The first movement's opening is dramatic and hushed. When the tempo speeds to Presto, it is in a lively, rollicking 6/8 meter (very unusual for the first movement of a symphony).

The symphony's nickname comes from the "tick-tock" accompaniment that pervades much of the second movement (Andante). Bassoons and pizzicato strings provide the tick-tock at first, accompanying a graceful, slightly coy tune. There is a stormy interlude at the movement's center; then the tick-tock returns, this time played by the flute and bassoon two octaves apart.

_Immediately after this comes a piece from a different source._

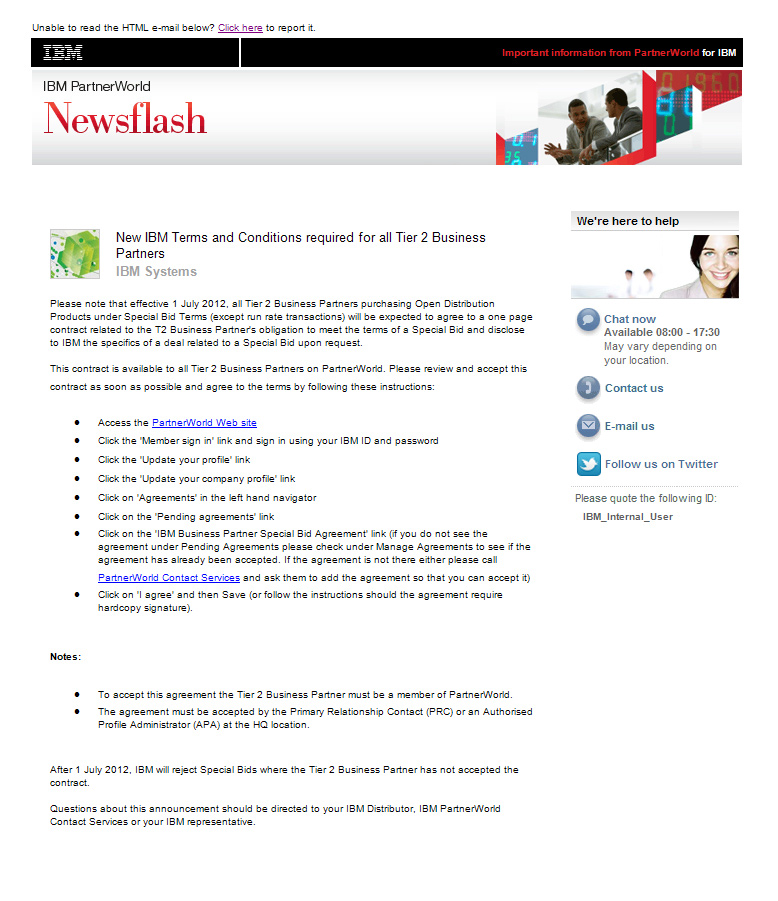 Компания IBM напоминает партнерам о необходимости обновить партнерское соглашение.
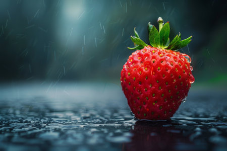 A single, vibrant strawberry with water droplets sits on a wet surface, illuminated by soft rain against a blurred background.

With the third movement, probably the longest and most complex of Haydn's minuet movements, the symphony's nickname becomes doubly appropriate. Back in 1793 in Vienna, Haydn had given his patron Prince Esterházy the gift of an elaborate musical clock, for which he also wrote a set of 12 short pieces; one of those 12 pieces became the basis for this grand, ceremonious movement. The slightly comical trio section seems to evoke a not-very-talented village band, whose "wrong" notes and other quirks were often "corrected" by the symphony's later conductors and publishers. This trio may have provided some inspiration for Beethoven in a similar passage in the third movement of his "Pastoral" Symphony almost 15 years later.

The Finale is based on a lively tune that is subjected to a very complex development, even including a vigorous fugue at one point. As is characteristic of the London symphonies, the string section is called upon to play some extraordinarily difficult passages.